Mic is a UMIK-1. Each speaker was measured separately on axis with 0 deg cal file. I measured his surrounds to make sure there wasn't anything wrong with my equipment(although I had just used it the night before and it worked fine). All of his surrounds stayed flat out to around 15-17khz(Audessy ON) as expected. 

Also it's important to note that the tweeter attenuation is clearly audible during the sweep,.I can hear all the way to 22khz on a good day and i lost track of his mains well before that where as I was able to hear his NHT surrounds complete the sweep.


----------



## ajinfla (May 10, 2009)

Wayne A. Pflughaupt said:


> I doubt it’s inoperable tweeters, however; you’d be seeing a much stiffer rollout above 2 kHz than that, and that 8k spike wouldn’t be there for sure.
> Regards,
> Wayne












So you're thinking that Robs measurement showing 15db-ish drop from 2k to 5k-ish and spike at 8khz, exactly matching the Stereophile graph above, is just coincidence?
I don't. 

cheers


----------



## ajinfla (May 10, 2009)

robsong said:


> Will check but this is happening to all 3 front speakers.


What is your center?
I missed it in your graph.

cheers


----------



## robsong (Apr 3, 2010)

We forgot to put it in but it did the something.


----------



## Smith_wesson (Mar 2, 2014)

ajinfla said:


> What is your center?
> I missed it in your graph.
> 
> cheers


It was happening with all 3 front KEFs. I didn't include it in the graph because it was getting too busy with 5 lines already.


----------



## ajinfla (May 10, 2009)

Ok, so a Q...900...????


----------



## Smith_wesson (Mar 2, 2014)

ajinfla said:


> Ok, so a Q...900...????


The center? I believe so.


----------



## Smith_wesson (Mar 2, 2014)

My guess is only the bottom posts are being powered. 

I think ajinfla is onto something with those graphs, they look very similar to the measurements we got. I thought his tweeter was busted right away at first, but when all 3 speakers did it that seemed unlikely.


----------



## ajinfla (May 10, 2009)

Ok gents.
Step 1: twist the center knobs into the "open" position.
Step 2: Connect speaker wires to the bottom terminals, play music, hear sound (probably same as now)
Step 3: Connect speaker wires to the top terminals, play music, hear.....


----------



## ajinfla (May 10, 2009)

Smith_wesson said:


> I think ajinfla is onto something with those graphs, they look very similar to the measurements we got.

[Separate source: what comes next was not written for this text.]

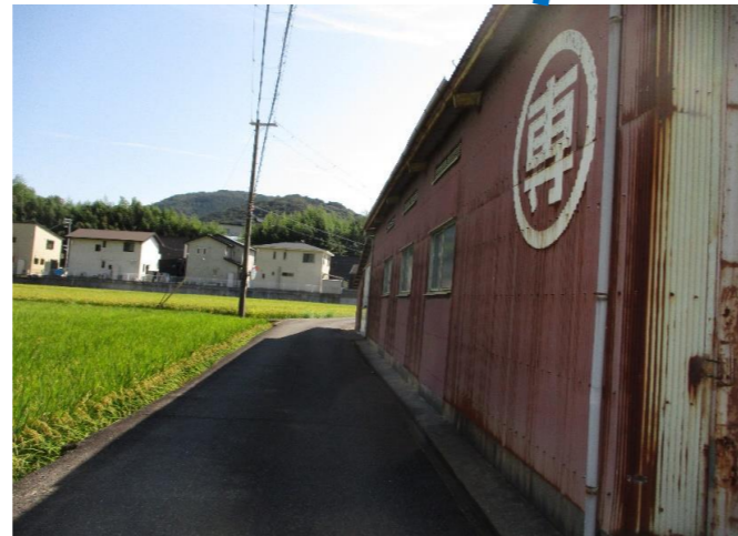
⑧ 町道谷口中志賀線（中志賀） 住宅が増えてきているが、 道路が狭いままである。

They won't be exact match due to the nearfield vs farfield measurements and mic used, but I know exactly what those drivers measure like, if you catch my drift.

cheers


----------



## Smith_wesson (Mar 2, 2014)

ajinfla said:


> They won't be exact match due to the nearfield vs farfield measurements and mic used, but I know exactly what those drivers measure like, if you catch my drift.
> 
> cheers


I think I understand. So then that 8k spike is from the mids breaking up right?


----------



## robsong (Apr 3, 2010)

The center is the Q600c sorry for been late had to help the boss out.


----------



## robsong (Apr 3, 2010)

I got my terminals connect to the bottom of all speakers. I removed the terminals from my left speaker. Twist the center knobs to open and connect the terminals to top and no sound coming from the left speaker the others are working with connection to the bottom.


----------



## Wayne A. Pflughaupt (Apr 13, 2006)

ajinfla said:


> So you're thinking that Robs measurement showing 15db-ish drop from 2k to 5k-ish and spike at 8khz, exactly matching the Stereophile graph above, is just coincidence?
> I don't.


Why would you assume that I’ve ever seen that graph before?

And John's graph doesn't "exactly" match. Despite Stereophile’s impressive ability to measure SPL in negative dB values, assuming the green trace is low freq drivers only, they show the drop from 2-5 kHz to be more than 25 dB, not the 15 dB John’s graph shows, which supports my contention that the tweeters aren’t dead (hey thanks for backing me up  ), but for some reason down in level more than they should be.

Or maybe not. Assuming the Sterohile graph (which shows relatively flat high-end response) is near-field, we can naturally expect to see a droop in high freq measurements taken at the listening-position, so John’s graph really isn’t off the mark. 

So to answer the original question...


robsong said:


> But we got these strange readings with my KEF Q900 fronts. So why is it taking a nose dive around 2k but my NHT rear looks flat thanks. :help:


...apparently these speakers are merely softer on the high end than the NHTs are.

Speaking of, the response of those NHTs is pretty impressive! Do they sound as good as they measure?

Regards, 
Wayne


----------



## robsong (Apr 3, 2010)

OK I went and did all three the center is the only one working per your steps. The NHT speakers are the VT & VS 1.2 line from 1999 I think. I had the Full line up in my system the Towers and rears with VS-2a as center. Give the towers and center to my friend and got the KEF"s.


----------



## ajinfla (May 10, 2009)

Smith_wesson said:


> I think I understand. So then that 8k spike is from the mids breaking up right?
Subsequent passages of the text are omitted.